Date: Tue, 7 Mar 2017 09:27:50 +0100
From: Ingo Molnar <mingo@kernel.org>
To: hpa@zytor.com
Cc: Thomas Gleixner <tglx@linutronix.de>, Jiri Slaby <jslaby@suse.cz>,
        mingo@redhat.com, x86@kernel.org, jpoimboe@redhat.com,
        linux-kernel@vger.kernel.org,
        Boris Ostrovsky <boris.ostrovsky@oracle.com>,
        Juergen Gross <jgross@suse.com>, xen-devel@lists.xenproject.org,
        "Rafael J. Wysocki" <rjw@rjwysocki.net>,
        Len Brown <len.brown@intel.com>, Pavel Machek <pavel@ucw.cz>,
        linux-pm@vger.kernel.org,
        Linus Torvalds <torvalds@linux-foundation.org>,
        Andrew Morton <akpm@linux-foundation.org>,
        Peter Zijlstra <a.p.zijlstra@chello.nl>
Subject: Re: [PATCH 01/10] x86: assembly, ENTRY for fn, GLOBAL for data
Message-ID: <20170307082750.GA1695@gmail.com>
References: <20170217104757.28588-1-jslaby@suse.cz>
 <20170301093855.GA27152@gmail.com>
 <alpine.DEB.2.20.1703011108220.4005@nanos>
 <20170301102754.GA13374@gmail.com>
 <39064F86-5BE2-417F-8A28-2B4CB5177D7D@zytor.com>
MIME-Version: 1.0
Content-Type: text/plain; charset=us-ascii
Content-Disposition: inline
In-Reply-To: <39064F86-5BE2-417F-8A28-2B4CB5177D7D@zytor.com>
User-Agent: Mutt/1.5.24 (2015-08-30)
Sender: linux-kernel-owner@vger.kernel.org
Content-Length: 5978
Lines: 155


* hpa@zytor.com <hpa@zytor.com> wrote:

> On March 1, 2017 2:27:54 AM PST, Ingo Molnar <mingo@kernel.org> wrote:

> >> > So how about using macro names that actually show the purpose, instead of 
> >> > importing all the crappy, historic, essentially randomly chosen debug 
> >> > symbol macro names from the binutils and older kernels?
> >> > 
> >> > Something sane, like:
> >> > 
> >> > 	SYM__FUNCTION_START
> >> 
> >> Sane would be:
> >> 
> >>      	SYM_FUNCTION_START
> >> 
> >> The double underscore is just not giving any value.
> >
> > So the double underscore (at least in my view) has two advantages:
> >
> > 1) it helps separate the prefix from the postfix.
> >
> > I.e. it's a 'symbols' namespace, and a 'function start', not the 'start' of a 
> > 'symbol function'.
> >
> > 2) It also helps easy greppability.
> >
> > Try this in latest -tip:
> >
> >    git grep e820__
> >
> > To see all the E820 API calls - with no false positives!
> >
> > 'git grep e820_' on the other hand is a lot less reliable...
> 
> IMO these little "namespace tricks" especially for small common macros like we 
> are taking about here make the code very frustrating to read, and even more to 
> write.  Noone would design a programming language that way, and things like PROC 
> are really just substitutes for proper language features (and could even be as 
> assembly rather than cpp macros.)

This is a totally different thing from language keywords which needs to be short 
and concise for obvious reasons.

Keywords of languages get nested and are used all the time, and everyone needs to 
know them and they need to stay out of the way.

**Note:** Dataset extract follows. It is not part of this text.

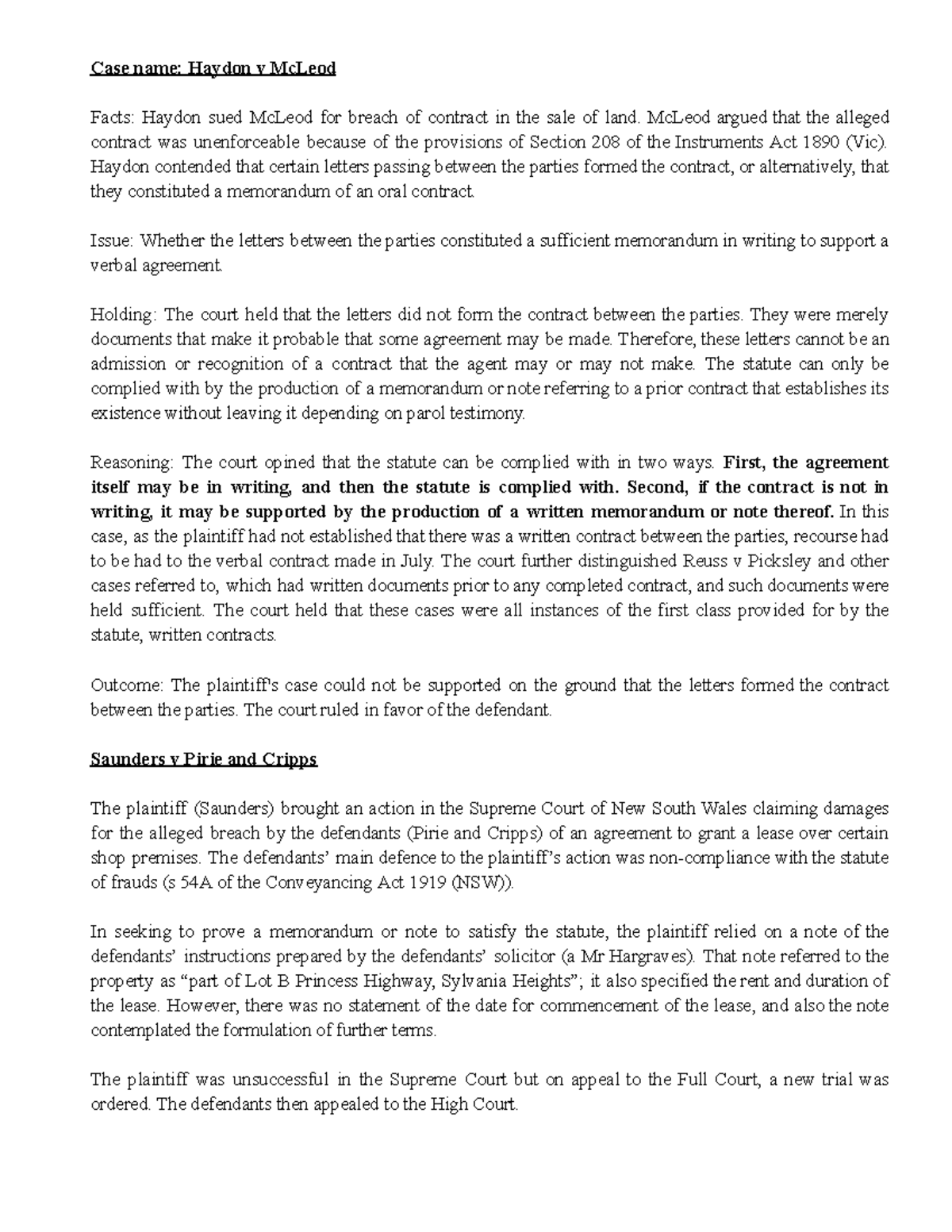 Case briefs about Statute of Frauds Case name Haydon v McLeod Facts

The symbol start/end macros we are 
talking about here are _MUCH_ less common, and they are only ever used in a single 
nesting level:

        SYM__FUNC_START(some_kernel_asm_function)
        ...
        SYM__FUNC_END(some_kernel_asm_function)

Most kernel developers writing new assembly code rarely know these constructs by 
heart, they just look them up and carbon copy existing practices. And guess what, 
the 'looking them up' gets harder if the macro naming scheme is an idosyncratic 
leftover from long ago.

Kernel developers _reading_ assembly code will know the exact purpose of the 
macros even less, especially if they are named in an ambiguous, illogical fashion.

Furthermore, your suggestion of:

> PROC..ENDPROC, LOCALPROC..ENDPROC and DATA..ENDDATA.  Clear, unambiguous and 
> balanced.

Are neither clear, not unambiguous nor balanced! I mean, they are the _exact_ 
opposite:

 - 'PROC' is actually ambiguous in the kernel source code context, as it clashes 
   with common abbreviations of 'procfs' and 'process'.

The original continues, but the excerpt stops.